Problems with the Implementation

The solution provided by the pseudoinverse Jacobian method is very local in nature. That is, for large movements of the goal, the method produces incorrect joint velocities and sends the chain drifting away from the correct orientation. This requires some dynamic fine tuning of the acceptable distance from one iteration to the next. The current implementation is rather fragile in this respect with hard coded thresholds for acceptable tracking errors. Klein and Huang[20] describe how pseudoinverse control can lead to undesired arm configurations.

One of the problems not addressed by this implementation is the simultaneous input of both position and orientation goals for an iteration of the algorithm.

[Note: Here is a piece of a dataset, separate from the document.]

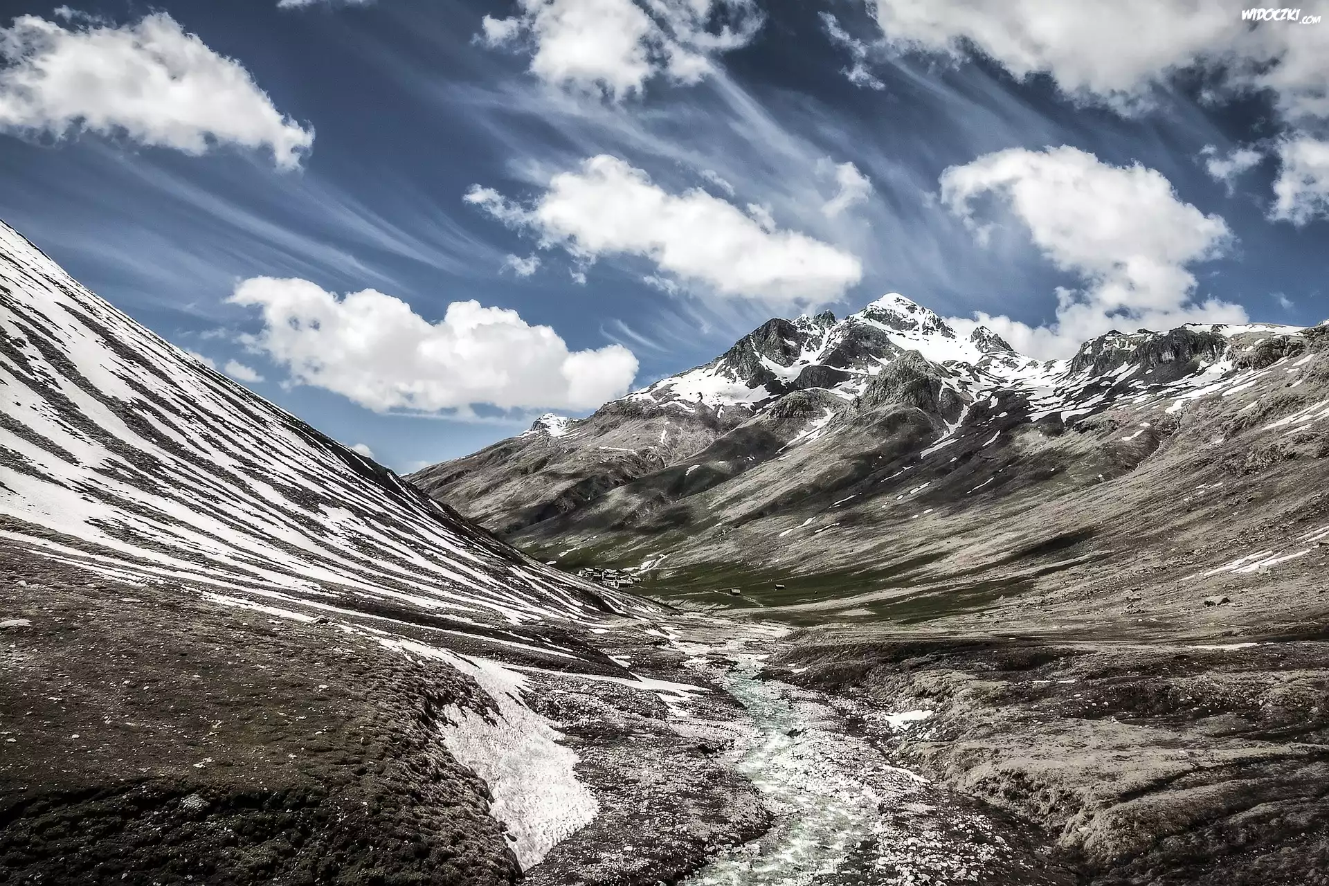 Góry, Śnieg, Rzeka, Niebo, Chmury

Since the mouse is a 2D input device, true 3D orientation information cannot be provided to the inverse kinematics algorithm. The end effector orientation does not change during the manipulation of the chain. The algorithm must then work only with changes in position. The orientation of the end effector can only be changed in a later step by rotating about its axes using forward kinematics. Badler overcame this difficulty with a three-dimensional input device that simultaneously reported its Cartesian position and its orientation[ 8].

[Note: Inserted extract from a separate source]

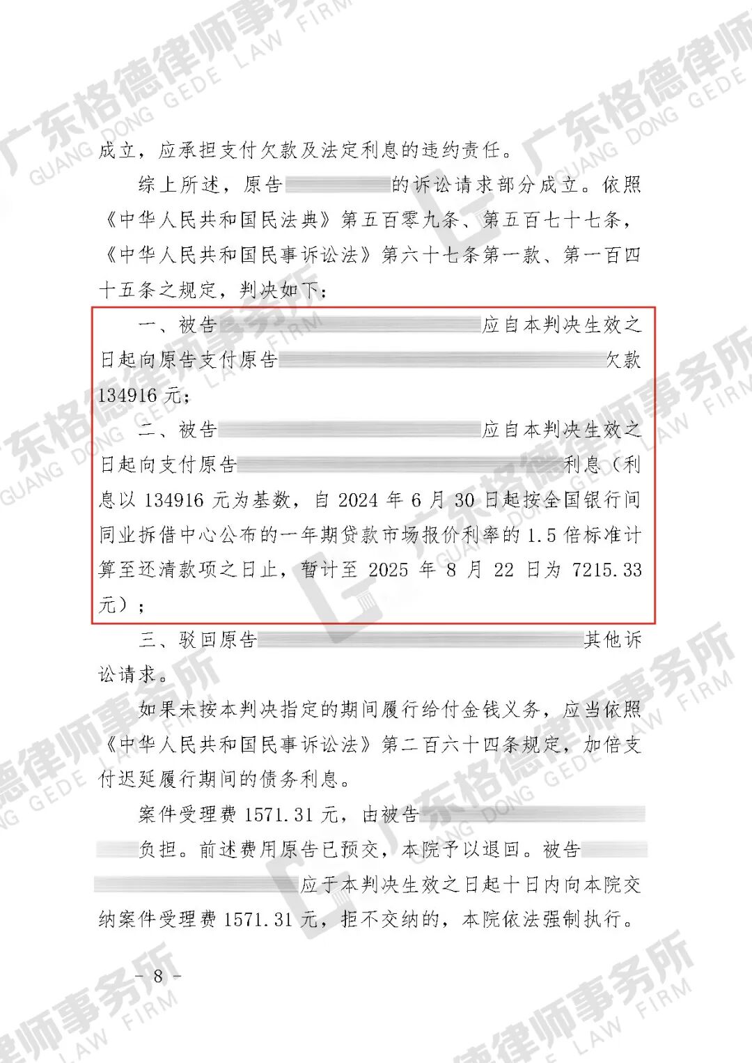 案件结果:判决对方公司支付欠款134916元并支付相应利息。

If the animator program were extended to include keyframe animation as originally intended, then the end effector rotational velocities could be determined by comparing the rotations in two successive key frames. That would mean that end effector rotations could be included in the inverse kinematics computation[5].

An addition to the implementation could be an emphasis function as outlined by Whitney[5]. Using this function, the relative contributions of each joint's rotations to the end effector position can be controlled. Such control could be provided to the user as a parameter associated with each degree of freedom which would allow finer control of the chain during manipulation.

The implementation suffers from instabilities around singularities in the joint configurations. The current implementation allows singular Jacobians to exist this causes the occasional very high joint velocity. A damped least squares approach as outlined in Watt [ 22]could reduce this problem.